**Problem to solve**
Could you transcribe exactly the lines from the one containing "Bhangra Performance at" through the last line of the records below, leaving out the pictures?

**Exercise data**
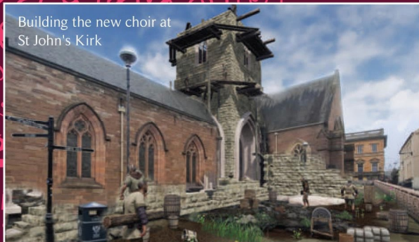
Building the new choir at St John's Kirk
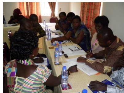
Roundtable discussion at Ho for key stakeholders in Education
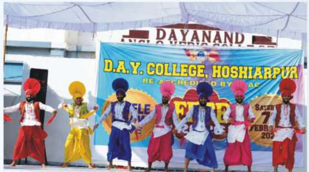
Bhangra Performance at the Culmination of Fete
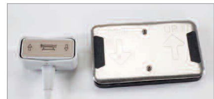
Choice of hand/footswitch operation
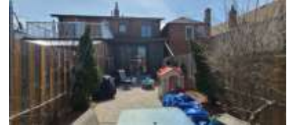
Pic. 3: Back view

**Answer for the task**
Bhangra Performance at the Culmination of Fete
Choice of hand/footswitch operation
Pic. 3: Back view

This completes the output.